That said, if you're concerned about re-sale value of whatever car you want to buy, try and buy the "full option" package if you can. The amount of time wasters I had who would either offer me something silly or just walk away in disgust because I did not have leather seats and a sunroof (and why would anyone in their right mind actually want that in Dubai anyway?) was astounding. "I cannot have car that is not full option, unacceptable!"


----------



## cfposi (Jun 12, 2015)

Gavtek said:


> For what it's worth, I bought a brand new Prado and sold it after 2 and a half years (with 35k on the clock). The difference between what I paid for it and what I got from selling it worked out at 950 Dhs per month in depreciation. Compare that with what you'd pay to rent a base Yaris.
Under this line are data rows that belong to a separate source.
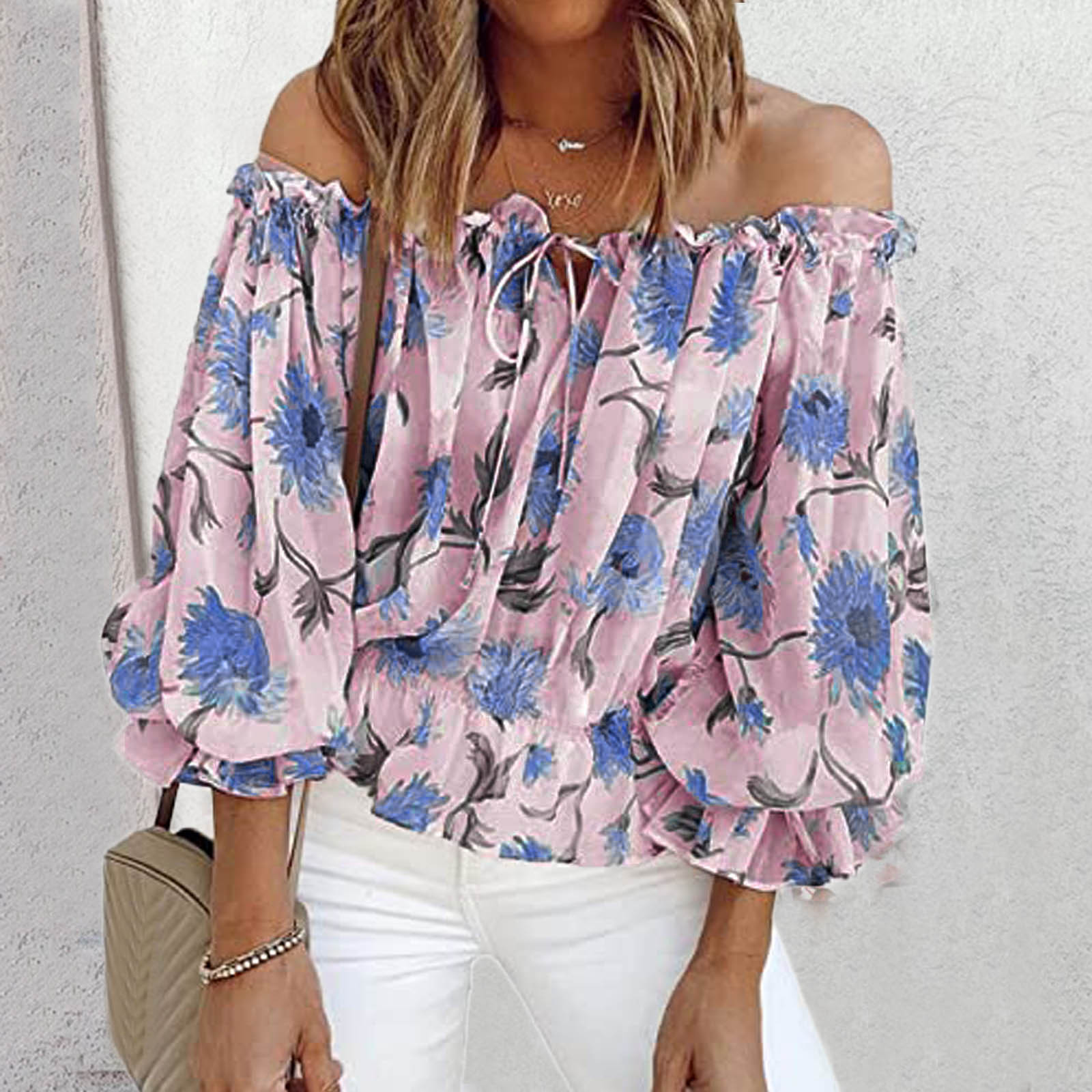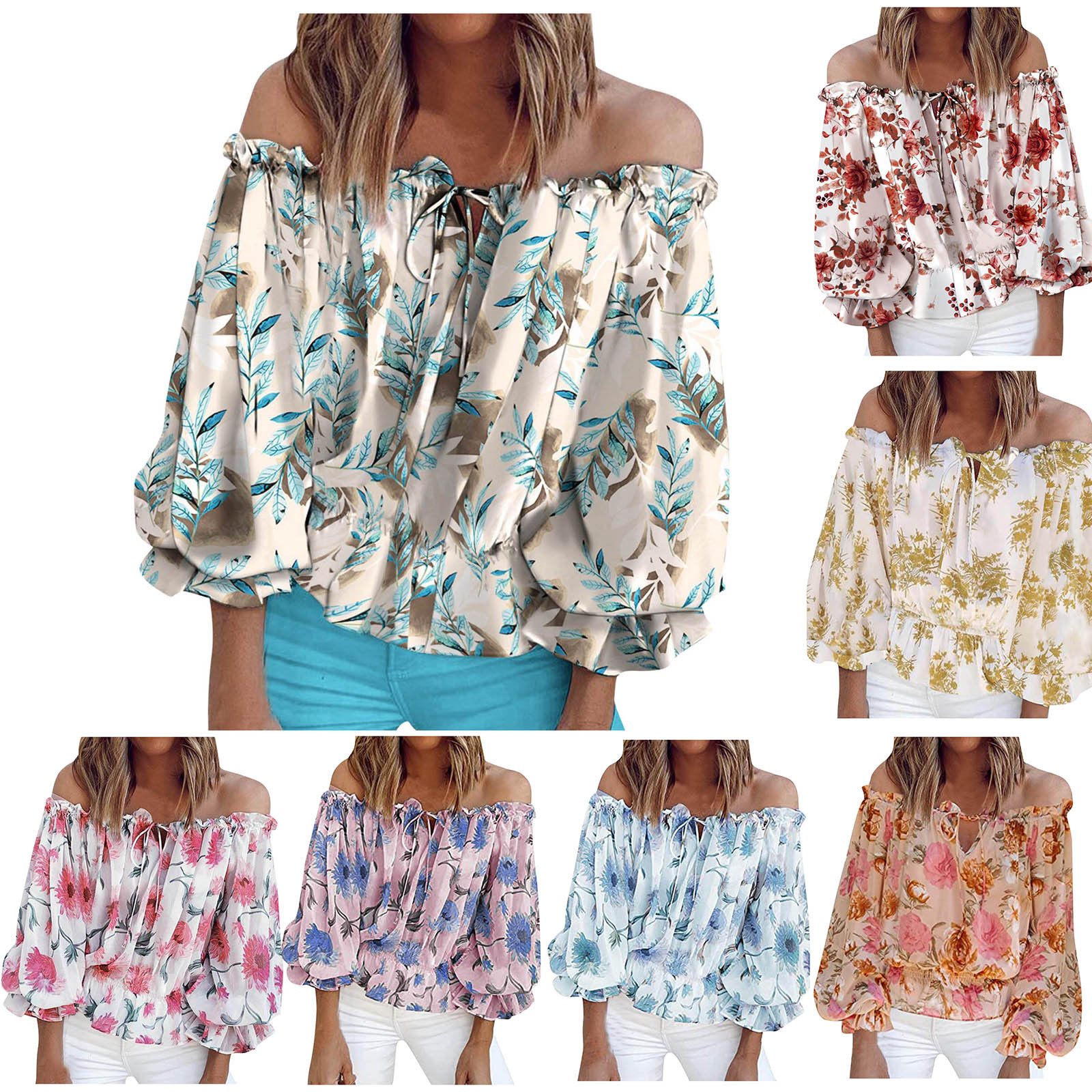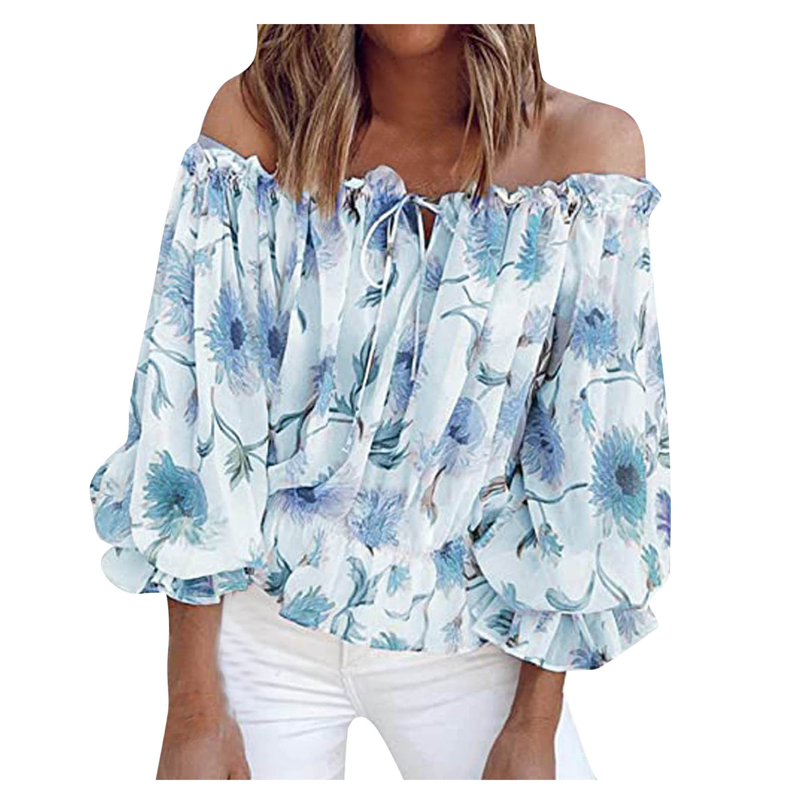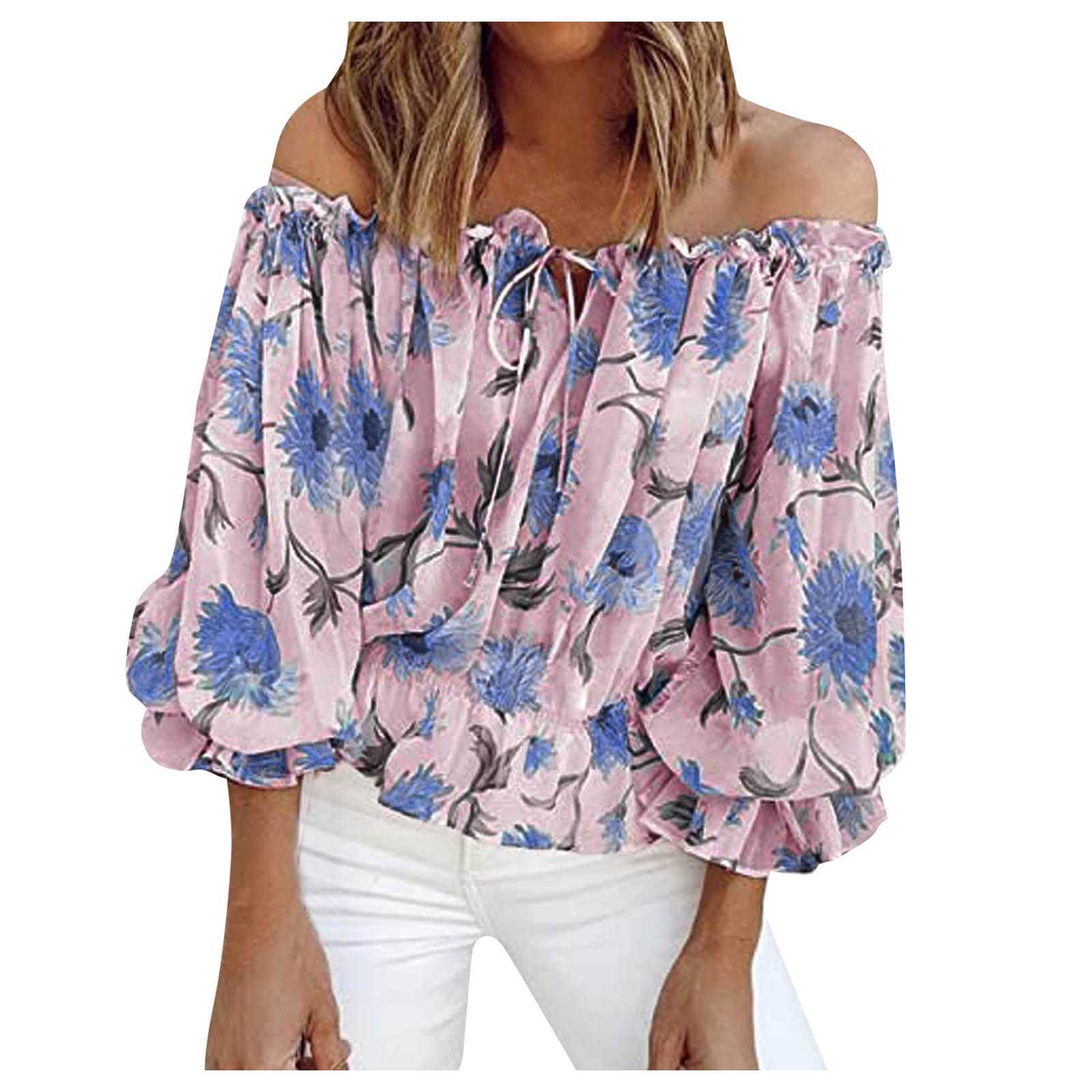 Fashion Floral Lace Up Blouse Sexy Off Shoulder O-Neck Tops Tee Casual Summer Ladies Female Women Long Sleeve Blusas Pullover
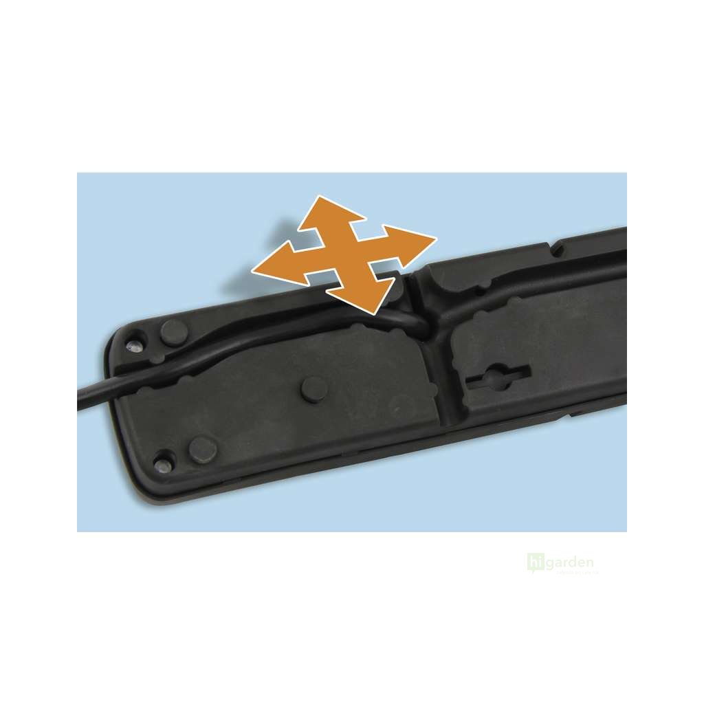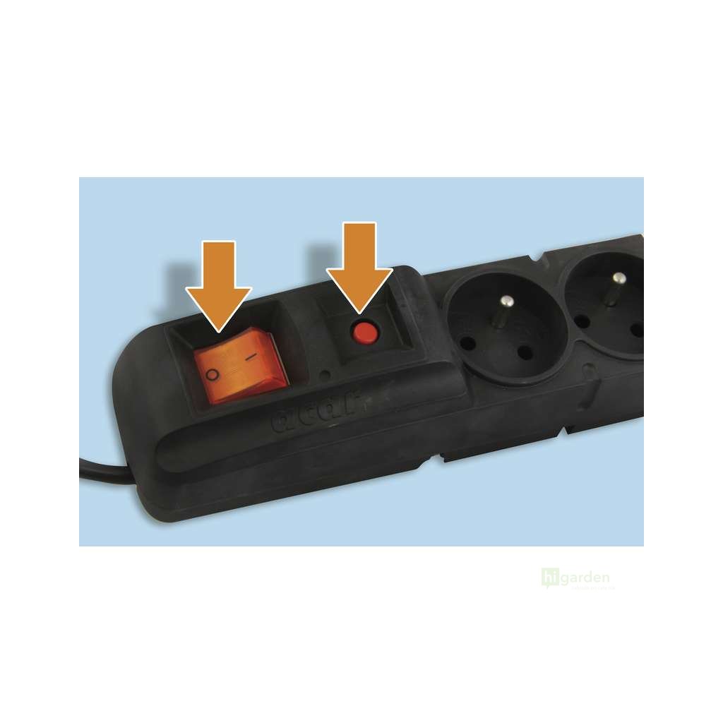Beleuchteter Netzschalter, automatische Sicherung mit Zeitverzögerung. 4 mögliche Richtungen der Netzkabelanordnung.
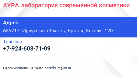 АУРА, лаборатория современной косметики по адресу 665717, Иркутская область, Братск, Янгеля, 120 в дальнейшем Организация, размещена в следующих категориях:

Is there a good way to estimate depreciation on a new car? I'm thinking of buying a new car but am not sure what my budget should be. Loans aren't a problem, but I don't want to over-borrow. Any tips on calculating an initial budget if you're aiming to sell the car in 2 years?


----------



## Gavtek (Aug 23, 2009)

Any Toyota/Nissan with a V6 engine and above, Mitsubishi Pajero with decent spec and any Lexus should have the best resale value/

If you only want to keep it for 2 years, I'd suggest buying something that's already 1/2 years old but came with 5 years warranty when new. It should still be in good condition and you'll take less of a hit when you sell it than you would with a new one.


----------



## TallyHo (Aug 21, 2011)

Mazda has pretty decent CX-5 and CX-9 and full options are well under your budget and they're throwing in 150K warranty and up to 60K free servicing. Really not bad! 

I've had "nice" cars in the past and the spell always wears off after a few months. You only drive a "nice" car (European luxury brand) for the following reasons:

1. You have more money than you know what to do with and you buy the car out of laziness. 

2. You're a snob and are buying the brand not the car.

3. You genuinely appreciate and love fine cars and happily put up with the maintenance and repair costs as a luxury German car is indeed a marvellous piece of engineering. 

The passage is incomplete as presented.